Можно было бы считать этот хасидский анекдот притчей об эмиграции, если бы не его конец. Нужно было закончить иначе. Выслушав офицера, человек догадался, что незачем было тащиться за тридевять земель: сокровище спрятано в его собственном доме. Но домой-то он все-таки не вернулся.
Вы предложили вашим зарубежным читателям рассказать о том, как им живется в эмиграции. Рассказать о нашей жизни — значит напомнить, что мы отправлялись в изгнание без надежды когда-либо снова увидеть страну, друзей и близких, но это значит также объяснить, почему же теперь, когда режим рухнул, большинство беглецов не возвращаются.
Несколько месяцев назад баварское телевидение показало репортаж о писателях — эмигрантах из стран бывшего Восточного блока, один из многих документальных фильмов на эту тему. Режиссер расспрашивал разных людей, всем был задан один и тот же вопрос: хочется ли вернуться? Фильм назывался «Die Tьren sind verschlossen» («Двери заперты»), и, собственно, это и был ответ. Известный русский писатель, периодически приезжающий в Россию, давал свое интервью на улице в Москве. Случайно мимо проходили две женщины. Одна из них, увидев камеру, стала кричать, что евреи убивают русских, а тут, дескать, телевидение берет интервью у одного из этих негодяев. Диктор перевел, несколько смягчив выражения. Но и это был своего рода ответ.
Я полагаю, что ответов может быть не меньше, чем объяснений, почему пришлось уехать.
* * *
Я живу в Федеративной Республике почти двенадцать лет. Я уже состарился. Можно предположить, что здесь я и окончу свои дни.
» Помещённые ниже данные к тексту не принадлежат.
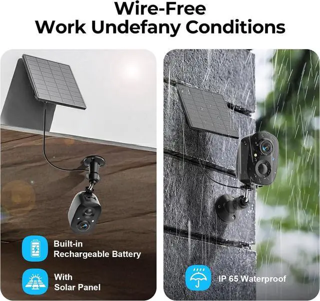 100% Wire-Free | Weatherproof | Extended Battery Life - The IP65 waterproof IP camera built-in rechargable battery comes with a high-efficiency solar panel, designed to provide a consistent supplemental power source under adequate sunlight. The solar surveillance camera ensures that just 2 hours of direct sunlight per day provides enough power for the home security camera to operate all day, designed for long-term outdoor installation. A practical choice for homes, garages, sheds, or fences(Note: Only connects to 2.4GHz Wi-Fi)
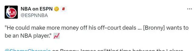 北京时间10月26日,根据ESPN报道,詹姆斯的大儿子布朗尼预计将随球队进行客场之旅后,前往发展联盟,开始他与该联盟间的训练与比赛。消息人士透露,布朗尼对于这样的安排毫不畏惧,甚至乐此不疲。尽管他本可以利用自身影响力在场外签约更多赞助商来赚取更多收入,但他选择了迈向NBA职业生涯,并把发展联盟作为打好基础的一环。
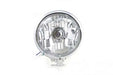 Round 5-3/4 clear faceted lens with a 12 volt 60/55 watt H-4 halogen with a chrome plated housing and a blue high beam indicator. Ready to install headlamp assembly includes the mounting block and wiring.
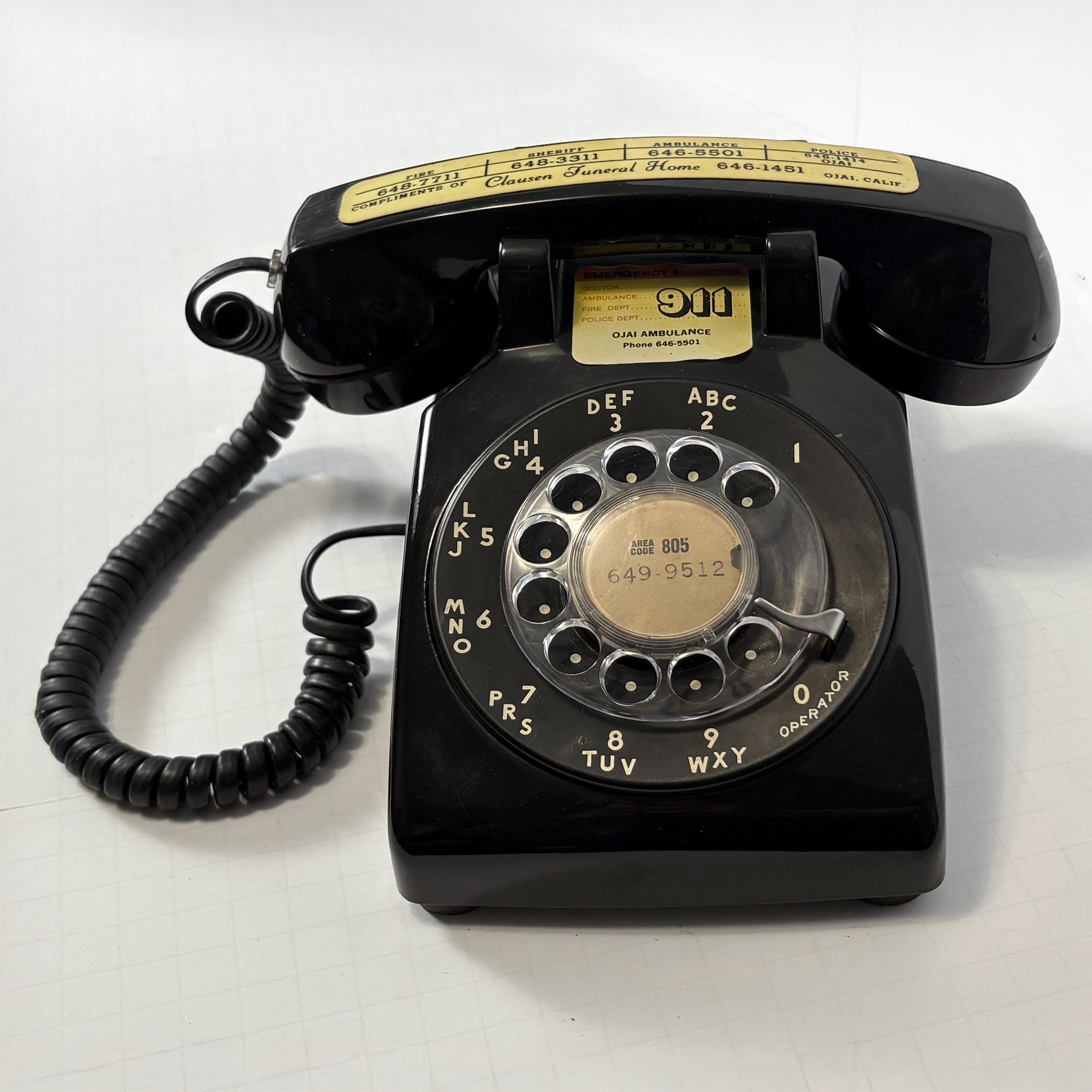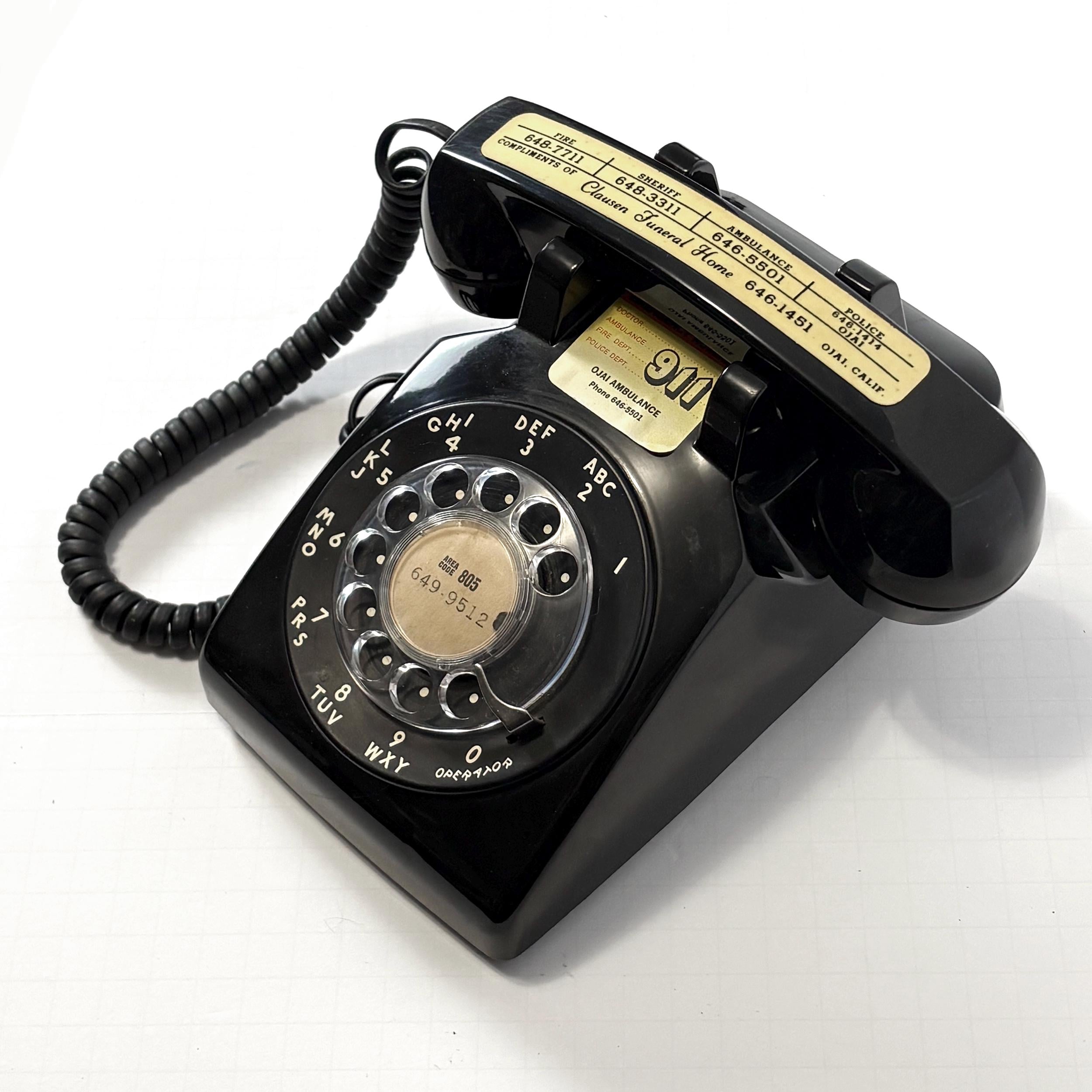 Vintage 1979 black Bell Pacific 500DM rotary phone from Ojai, California.
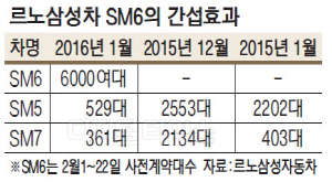 월 2000대 수준으로 팔리는 SM5는 1월 전년 동월(2202대)보다 76.0% 감소한 529대를 기록했다. 이는 전월(2553)과 비교해서도 79.3% 떨어진 수치다. SM7 역시 전년 동월(403대)보다 10.4%, 전월(2134대)보다는 83.1% 판매량이 떨어지면서 361대를 판매하는 데 그쳤다. 현재 영업 일선에서 SM6에 대한 판촉을 집중하면서, SM5와 SM7의 계약 현황도 떨어진 것으로 전해졌다.
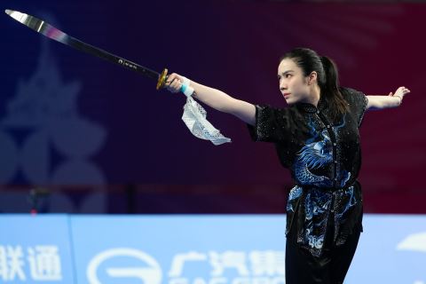 11月10日,香港队选手杨子莹在女子刀术比赛中。当日,第十五届全国运动会武术套路团体比赛在广州举行。
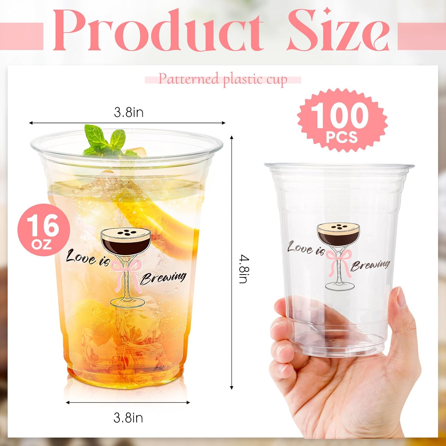 Features: Ideal for bridal showers, wedding mornings, brunch parties, bachelorette celebrations, or any romantic gathering where you want your drinks served in style. Save time on cleanup, impress your guests with chic design, and enjoy the perfect combination of fun, style, and convenience for memorable celebrations. Feature an elegant “Love is Brewing” martini design, made from sturdy yet disposable plastic. They're perfect for cocktails, mocktails, and espresso martinis. Specifications: Material: PET plastic Main Color: clear Capacity: 16 oz Package includes: 100 X 16oz love is brewing cups Notes: Manual measurement, please allow slight errors on size. The color may exist a slight difference due to different screen displays

Моя фамилия (я говорю о паспортной фамилии, а не о литературном псевдониме) имеет славянское окончание и сложный иудейский, латинский и германский корень; этимология хранит следы многовековых скитаний моих предков. И похоже, что круг замкнулся. Сам я вырос в Москве и не испытываю потребности доказывать свою «подлинность». В одной статье Борхеса есть забавное рассуждение о верблюдах: в самой арабской из всех арабских книг — Коране — верблюды не упоминаются. Если бы священную книгу писал национально озабоченный автор, верблюды маршировали бы у него на каждой странице. Но ему не нужно было доказывать, что он араб; он и так был арабом. Я не вижу противоречия в том, что одновременно являюсь евреем и русским интеллигентом: это достаточно традиционное сочетание.
Мой отъезд с семьей из Советского Союза летом 1982 года был связан с обстоятельствами моей биографии, но на нем есть отблеск общей судьбы. Я бывший заключенный и годы юности провел в лагере. Моя литературная карьера была связана с самиздатом, и хотя мне принадлежали две выпущенные в Москве популярные книжки для школьников — о медицине и об Исааке Ньютоне (набор третьей книги, о философии врачевания, был рассыпан, когда в издательстве догадались, что я за птица), — я оставался нелегальным писателем. От этих времен сохранился мой псевдоним, придуманный редактором самиздатского журнала для конспирации. Секрет, само собой, был быстро разоблачен. Дело о журнале тянулось несколько лет, слежка, обыски, потеря рукописей, взлом квартиры, публикации за границей, аресты и отъезды друзей — вся эта банальная история, о которой сейчас скучно вспоминать, кончилась, как и следовало ожидать, тем, что пришлось выбирать: или — или. К этому времени диссидентство было разгромлено, эмиграция почти прекращена. Мне, однако, принесли необходимые документы на дом. И все же я не могу сказать, что единственной причиной, которая вынудила меня отряхнуть со стоп пыль отечества, было учреждение, оказавшееся, как мы теперь видим, бессмертным.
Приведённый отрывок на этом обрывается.